RedSage-Qwen3-8B-DPO: Cybersecurity LLM with DPO Alignment
RISys-Lab/RedSage-Qwen3-8B-DPO is the culmination of RISysLab's RedSage cybersecurity LLM series, representing the fourth and final stage of its multi-stage training pipeline. This model is fine-tuned from RedSage-Qwen3-8B-Ins using Direct Preference Optimization (DPO) on the allenai/llama-3.1-tulu-3-8b-preference-mixture dataset. This DPO alignment significantly enhances the model's general reasoning capabilities and safety behaviors, building upon its specialized cybersecurity domain expertise.

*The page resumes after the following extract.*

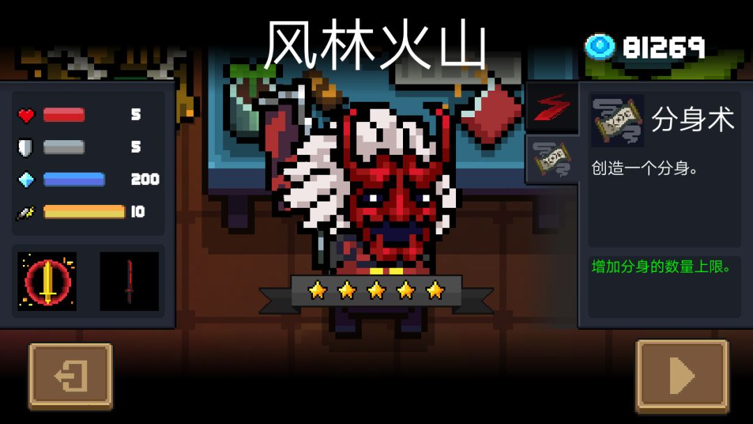 [米奇妙妙公司] (前言:第一次认真写攻略帖,不喜勿喷) 面板属性: 血量——4+1点 盾量——4+1点 蓝量——180+20点 暴击率——10点 初始天赋——近战反弹 技能介绍(二技能):召唤一个影分身,影分身复制自己手上的武器,血量较少,蓝量上限不明,四星升级至五星后,可以增加影分身数量上限 影分身优点—— 1.武器拥有配件效果 2.会继承自己的天赋 3.相当于不耗蓝的幻影法杖 影分身缺点——

Key Capabilities & Performance
- Cybersecurity Expertise: Achieves strong performance across various cybersecurity benchmarks, including RedSage-Bench (84.83% Macro Average), CTI-Bench, CyberMetric, MMLU (Security), SecBench, SecEva, and SECURE, consistently outperforming the base Qwen3-8B model.
- Enhanced General Reasoning: The DPO alignment improves general benchmarks, with a mean score of 74.33% on the OpenLLM Leaderboard, showing notable gains in MMLU, ARC-C, GSM8K, HellaSwag, and TruthfulQA compared to the non-reasoning Qwen3-8B.
- Instruction Following: Benefits from DPO alignment for better instruction adherence based on human preferences.
Ideal Use Cases
- General-purpose cybersecurity assistance: Answering queries related to cybersecurity concepts, threats, and best practices.
- Log analysis: Identifying potential indicators of compromise (IOCs) within log entries.
- Threat intelligence summarization: Processing and summarizing threat intelligence reports.
- Educational queries: Providing explanations and information on cybersecurity topics.
Limitations
- While aligned for safety and helpfulness, users should always verify outputs, especially in critical security environments, as the model may still produce incorrect information.